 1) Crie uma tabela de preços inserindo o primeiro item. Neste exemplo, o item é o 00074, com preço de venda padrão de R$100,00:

==

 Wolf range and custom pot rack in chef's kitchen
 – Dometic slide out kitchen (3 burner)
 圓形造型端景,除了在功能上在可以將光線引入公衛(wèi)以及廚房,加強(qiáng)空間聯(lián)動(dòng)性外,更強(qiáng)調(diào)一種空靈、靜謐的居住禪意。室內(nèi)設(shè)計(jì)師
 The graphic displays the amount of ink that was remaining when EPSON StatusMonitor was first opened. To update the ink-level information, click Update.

---

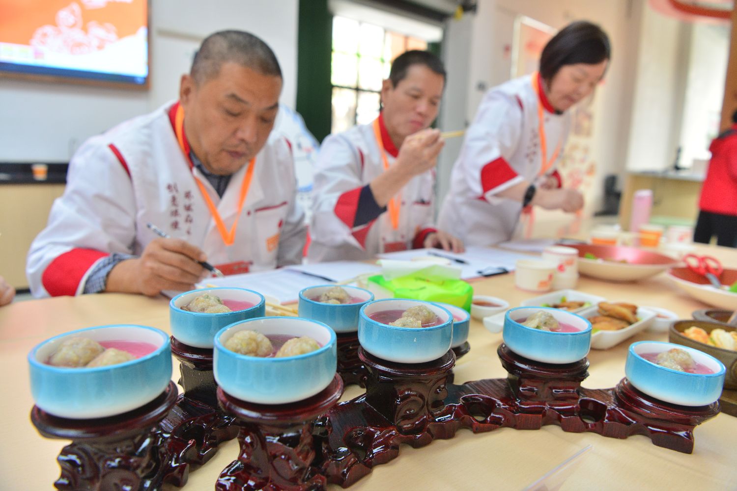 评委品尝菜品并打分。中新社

## DIRECTIONS:
Across the entries, each line containing the word "kitchen" is to be counted once; the total alone is to be given.

## YOUR RESPONSE:
2